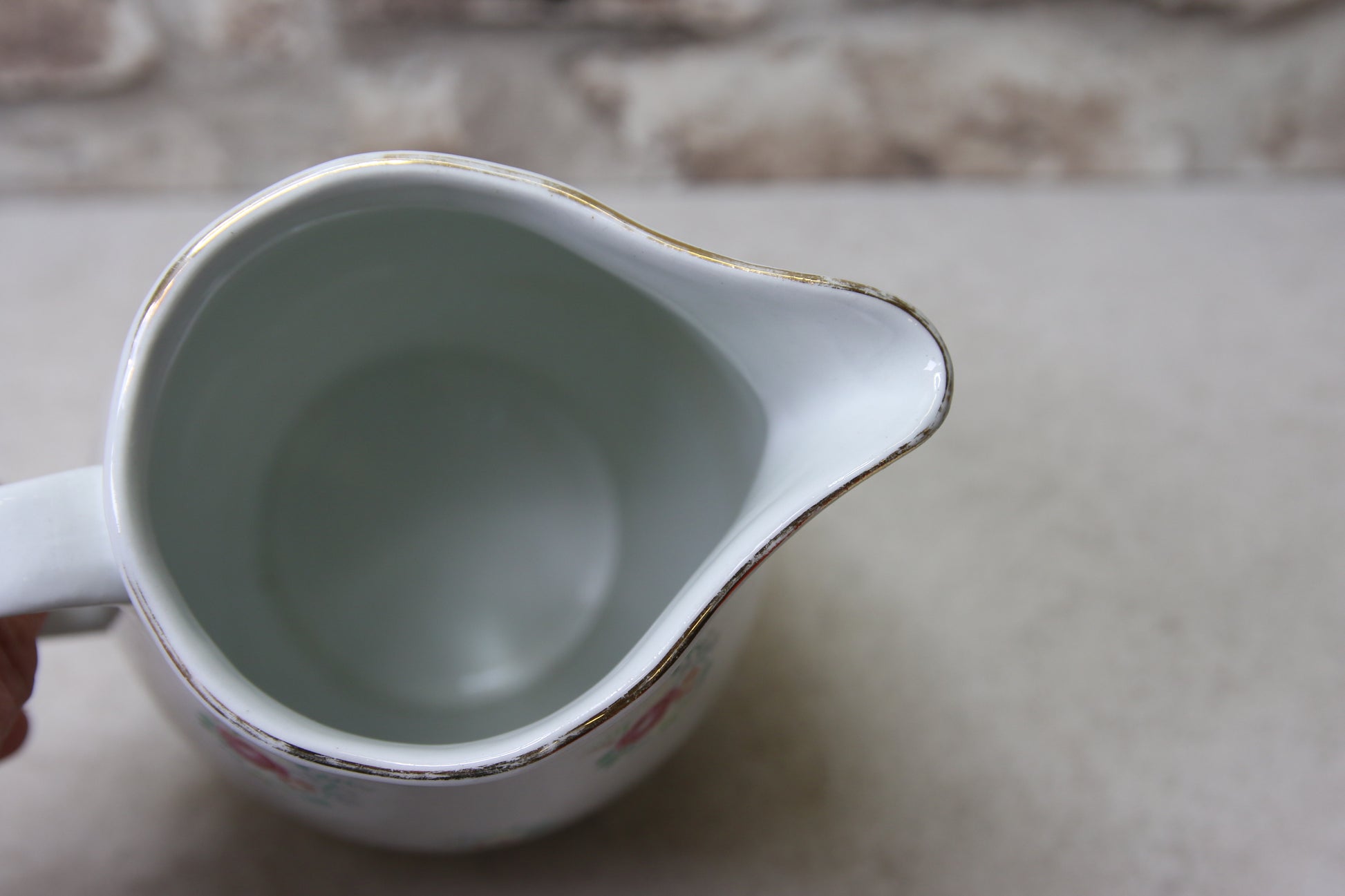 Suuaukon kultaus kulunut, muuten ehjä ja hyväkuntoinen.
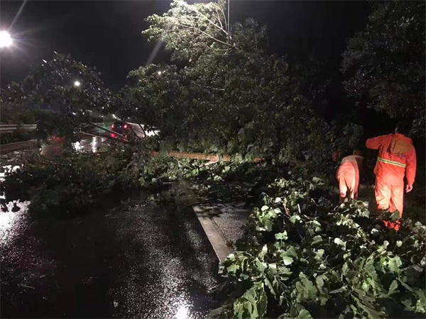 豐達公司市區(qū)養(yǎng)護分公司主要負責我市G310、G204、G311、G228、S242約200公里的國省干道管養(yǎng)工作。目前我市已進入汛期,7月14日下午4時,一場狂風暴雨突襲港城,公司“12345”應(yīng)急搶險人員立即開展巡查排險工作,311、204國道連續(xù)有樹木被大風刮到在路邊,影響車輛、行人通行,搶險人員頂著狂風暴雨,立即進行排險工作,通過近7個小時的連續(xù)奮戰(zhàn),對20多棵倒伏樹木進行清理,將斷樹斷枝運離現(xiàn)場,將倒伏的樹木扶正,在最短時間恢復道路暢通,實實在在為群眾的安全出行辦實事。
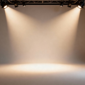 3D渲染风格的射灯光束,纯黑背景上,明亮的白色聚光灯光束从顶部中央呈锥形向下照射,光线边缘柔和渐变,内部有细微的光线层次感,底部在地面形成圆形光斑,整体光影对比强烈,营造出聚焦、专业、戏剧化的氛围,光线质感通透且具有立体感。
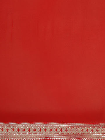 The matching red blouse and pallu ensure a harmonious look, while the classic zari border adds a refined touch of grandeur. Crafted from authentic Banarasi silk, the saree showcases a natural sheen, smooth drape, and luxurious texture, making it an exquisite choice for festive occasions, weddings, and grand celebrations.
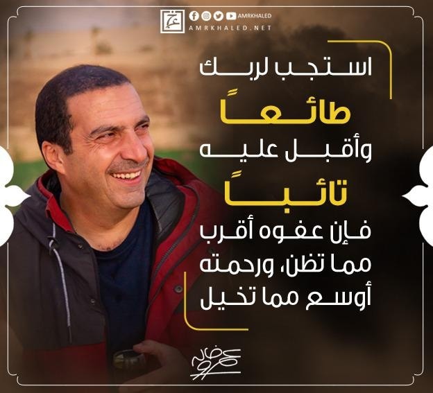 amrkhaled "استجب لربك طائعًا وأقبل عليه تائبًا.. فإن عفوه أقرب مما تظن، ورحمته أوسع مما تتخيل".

== Exercise aim ==
Please restate word for word each line from the one containing "3D渲染风格的射灯光束,纯黑" to the end of the data above, without the pictures.

== Exercise answer ==
 3D渲染风格的射灯光束,纯黑背景上,明亮的白色聚光灯光束从顶部中央呈锥形向下照射,光线边缘柔和渐变,内部有细微的光线层次感,底部在地面形成圆形光斑,整体光影对比强烈,营造出聚焦、专业、戏剧化的氛围,光线质感通透且具有立体感。
 The matching red blouse and pallu ensure a harmonious look, while the classic zari border adds a refined touch of grandeur. Crafted from authentic Banarasi silk, the saree showcases a natural sheen, smooth drape, and luxurious texture, making it an exquisite choice for festive occasions, weddings, and grand celebrations.
 amrkhaled "استجب لربك طائعًا وأقبل عليه تائبًا.. فإن عفوه أقرب مما تظن، ورحمته أوسع مما تتخيل".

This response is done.